# homemade game cart, cheep



## Raymond 1 (Feb 23, 2010)

*Game Cart*

Good idea. Thanks for sharing.
Raymond


----------



## dustoffer (Jan 24, 2009)

Hmmmm--I just tossed an old wheelchair in the trash this week. Maybe those wheels would have been dandy for a cart?


----------



## neo71665 (Jul 26, 2007)

dustoffer said:


> Hmmmm--I just tossed an old wheelchair in the trash this week. Maybe those wheels would have been dandy for a cart?

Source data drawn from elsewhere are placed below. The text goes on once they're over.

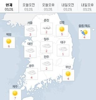 서울은 오전 3도, 춘천 2도, 대전 1도, 청주 2도, 부산 4도, 제주 7도를 기록 중이다.
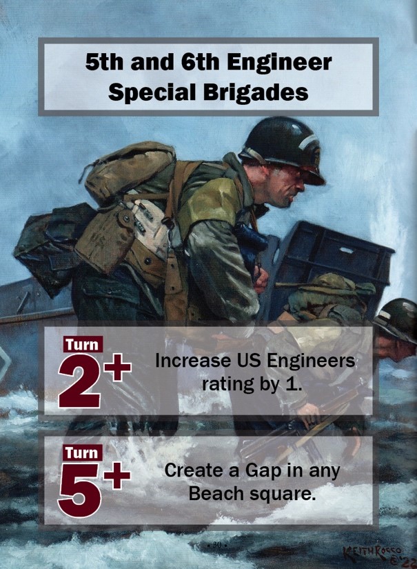 Dana: My developer, Craig Robertson, suggested a really good idea. Instead of a traditional opposing sides version (US versus German), both players are American: one activates, moves, and attacks with the 1st Infantry Division (BRO) while the other player has the 29th Infantry Division and Rangers. They compete to see who captures the most territory off the beaches.
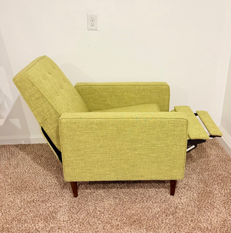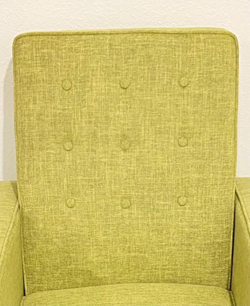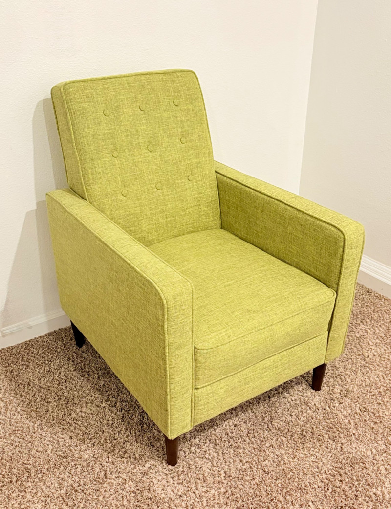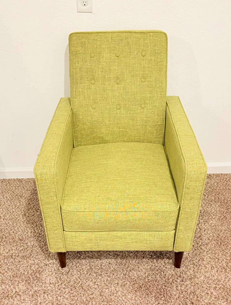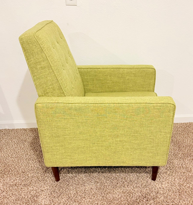 Recliners are usually fugly, right? Well, that's not the case here! This lime green chair IS a recliner upholstered in green linen-like material with a button- tufted back and brown wooden legs. Rather than being overstuffed and bulky, it has a slim profile and pushes back to recline; the fact that is is a recliner isn't readily obvious when upright. Sold by Noble House Furnishings of California. In great condition. Measures 37" H x 27" W x 35" D when upright, extends to 60" deep when reclined - great for a smaller room corner. Note that this is the same exact design as the recliner in Lot # 63, just a different colorway. Our monitor shows the color a bit too acidy - it is green rather than yellow-green.
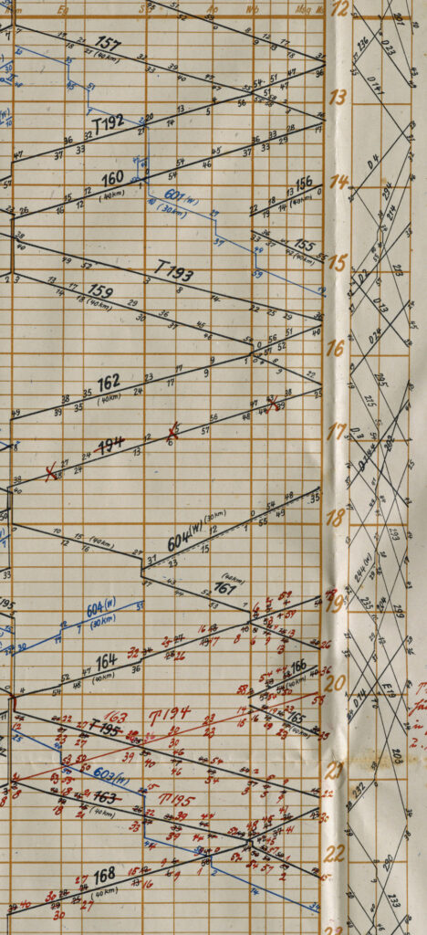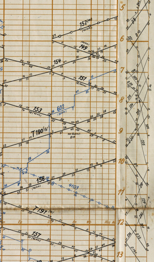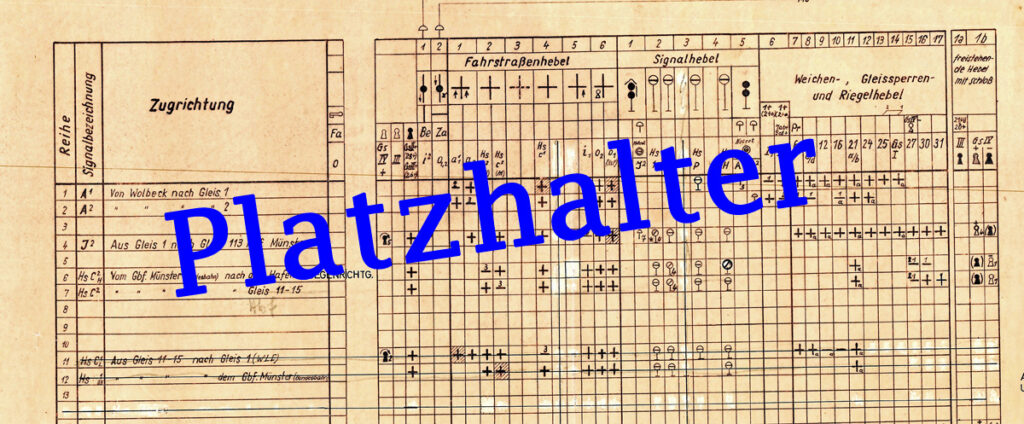 Der Plan für den Nachmittag enthält 2 Abfahrten nach der Mittagszeit und einen Personenzug der nur bis Wolbeck und zurück fährt. Der T 193 schein eine Art Eilzug zu sein, es sind keine Haltezeiten auf den Unterwegsbahnhöfen eingetragen.
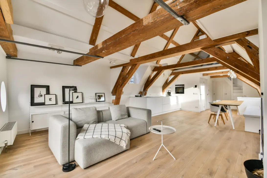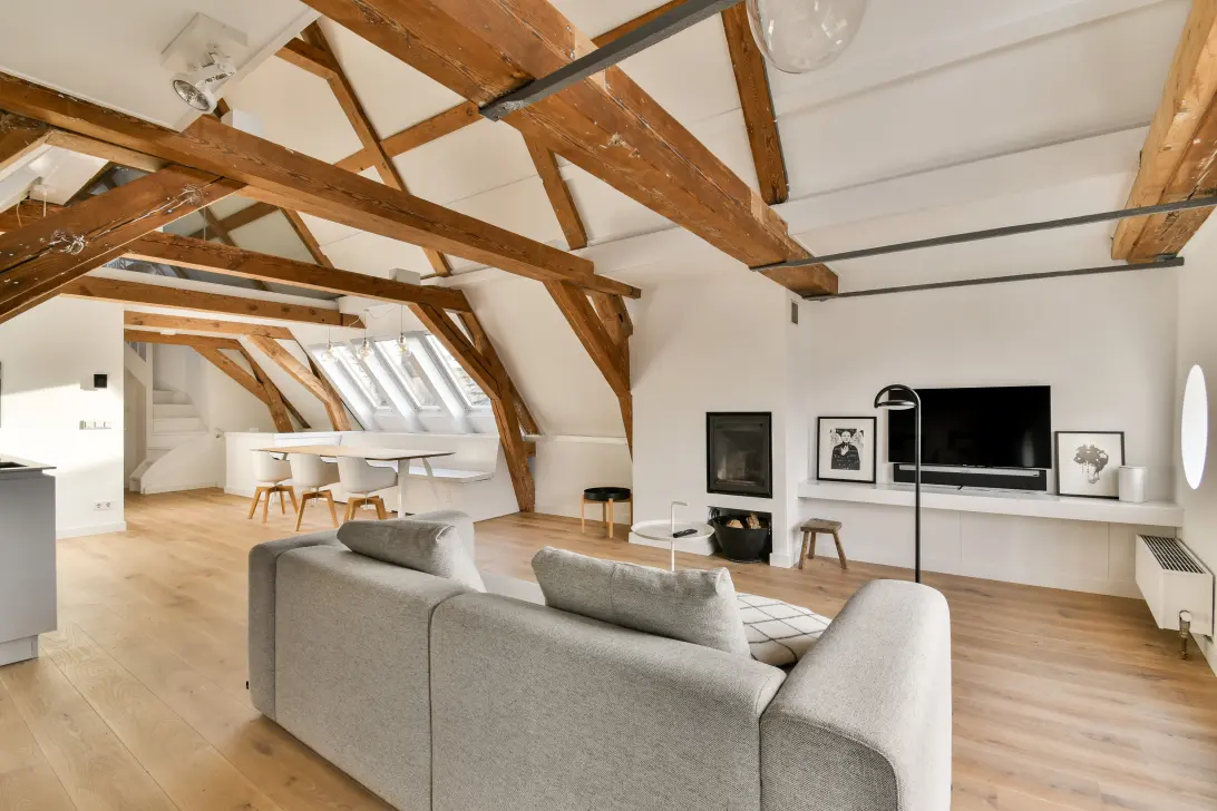 De lichte woonkamer aan de voorzijde beschikt over grote raampartijen en openslaande deuren met Frans balkon en een fraai uitzicht over de gracht. De indrukwekkende plafondhoogte van ruim 4 meter, de zichtbare balken en de open haard zorgen voor een unieke sfeer, met een bijzonder kunstobject van Alex de Witte, de “big bubble” lamp. De verwarming en het audiosysteem bedien je via je telefoon of iPad. In de woonkamer is een dressoir geplaatst van ‘string furniture’.

IMHO those are the best wheels for a cart.


----------



## Drawin Deadly (Jan 15, 2009)

*Any suggestions for this?*

It is a golf bag cart.


----------



## SCBOWHUNTER903 (Jan 28, 2010)

that game cart looks good man


----------



## STUDENT-ARCHER (Jun 26, 2009)

*Golf Cart*



Drawin Deadly said:


> It is a golf bag cart.


I've seen several people make archery carts out of those...


----------



## unloaded (Jan 11, 2010)

Drawin Deadly said:


> It is a golf bag cart.


Looks like it could make a great ground blind cart.


----------



## RJPOUTDOORS (Jun 2, 2009)

Great Idea thanks for the great tip.


----------